Invoking bpf_loop() will result in iterative calls to loop_fn() with iterations and the passed ctx as parameters. The flags value is currently not used and must be zero. The loop_fn() typically returns 0; a return value of 1 will immediately end the iteration. No other return values are permitted.

Unlike bpf_for_each_map_elem() that is limited by the size of BPF maps, bpf_loop() can loop up to 1 « 23 = 8388608 (over 8 million) times, greatly expanding the applications of bpf_loop(). However, bpf_loop() is not constrained by the number of BPF instructions (1 million) because the loop occurs within the bpf_loop() helper function.

This patchset introduces the new link type BPF_TRACE_KPROBE_MULTI, which connects kprobe programs via the fprobe API made by Masami.
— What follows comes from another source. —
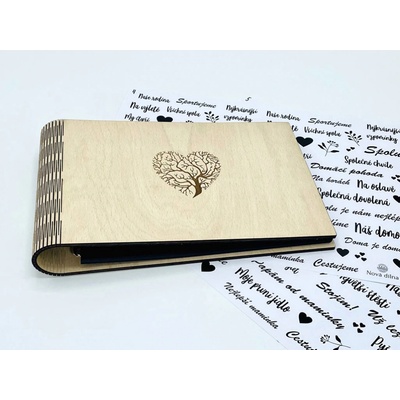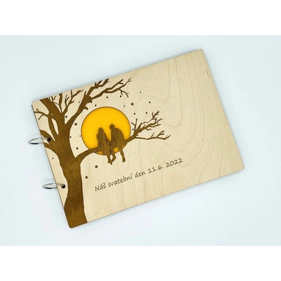 Dřevěné fotoalbum s pevnou dřevěnou vazbou. Album se ideálně hodí jako svatební kniha hostů na Váš svatební den, fotokniha pro miminko, originální fotoalbum z dovolené, nebo...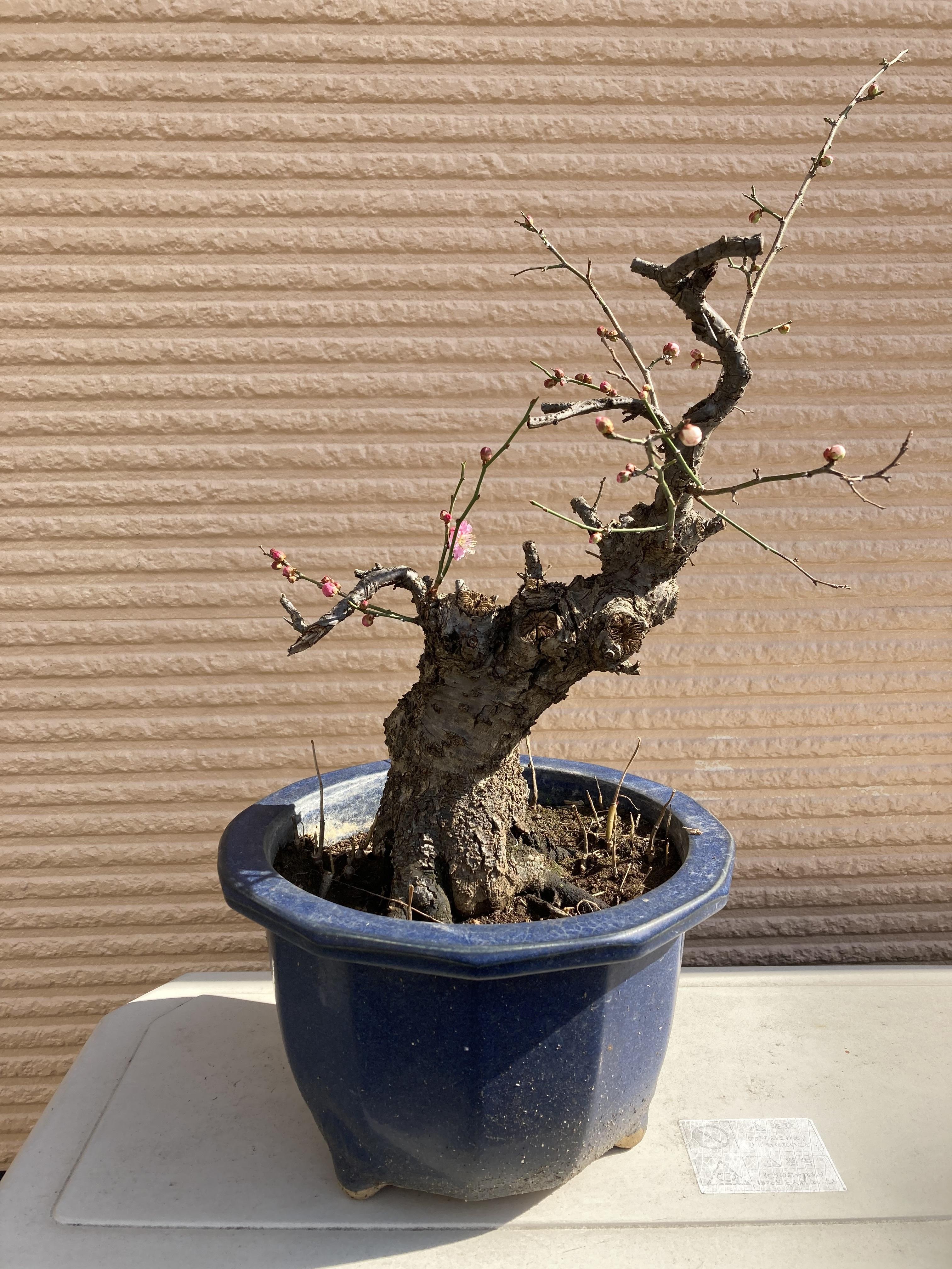お客様の家を建替えした際に頂いた盆栽に梅の花が咲きました。

The fprobe API allows attaching probes to multiple functions at once, working on top of ftrace and offering fast tracing while limiting probe points to function entry or return.

Dynamic Pointers and Type Pointers: 5.19

All memory accesses in BPF programs undergo safety static checks by the verifier, thoroughly analyzing them before allowing program execution. While this enables BPF programs to run safely in kernel space, it restricts how the program can use pointers. Until recently, one such limitation was that the size of memory regions referenced by pointers in BPF programs had to be statically known when loading the BPF program. Joanne Koong’s recently introduced patch set enhances BPF to support loading programs with pointers pointing to dynamically sized memory areas.

Koong’s patch set adds support for accessing dynamically sized memory areas in BPF programs, featuring a new feature called dynptrs. Behind dynptrs is the concept of associating pointers pointing to dynamically sized data areas with the verifier and some metadata used by BPF helper functions to ensure valid access to that area. Koong’s patch set creates this association in a newly defined type, called struct bpf_dynptr. This structure remains opaque to BPF programs.

USDT: 5.19

Static tracepoints, also known as USDT (User Static Defined Trace), allow tracing specific locations of interest in applications in user space. The tracer can mount inspection code execution and data here. They are explicitly defined by developers in the source code and typically enabled at compile time with flags like “–enable-trace”. The advantage of static tracepoints is their stability; developers usually maintain a stable static trace ABI, allowing tracing tools to work across different application versions, which is useful, for instance, when upgrading a PostgreSQL installation and encountering performance degradation.

BPF panic: 6.1

One of the key selling points of the BPF subsystem is that loading BPF programs is safe: the BPF verifier ensures that the program will not harm the kernel before allowing loading. As more features are provided to BPF programs, this assurance may lose some strength, but even then, seeing Artem Savkov’s proposal to add a BPF helper explicitly designed to crash the system may come as a bit surprising. If this patchset is merged in a form similar to its current state, it could herald a new era where, at least in certain cases, BPF programs are allowed to deliberately cause disruption.

As Savkov pointed out, one of the primary use cases of BPF is kernel debugging, a task often aided by having a timely crash dump available. By making the kernel’s panic() function available to BPF programs, Savkov aims to combine these two aspects, allowing BPF programs to crash upon detecting conditions indicating issues developers are looking for, and creating crash dumps. Savkov does not seem to be the only one interested in this capability; Jiri Olsa noted receiving requests for such a feature as well.

BPF Memory Allocator, Linked Lists: 6.1

This series introduced BTF types for user-defined BPF objects in programs, enabling BPF programs to allocate their own objects, establish their object hierarchies, and flexibly build their data structures using basic components provided by the BPF runtime.

Next, support for single ownership BPF linked lists was introduced. They can be placed in BPF maps or allocated objects, using these allocated objects as elements. It operates as an intrusive collection. The aim is to eventually make the allocated objects part of multiple data structures in the future.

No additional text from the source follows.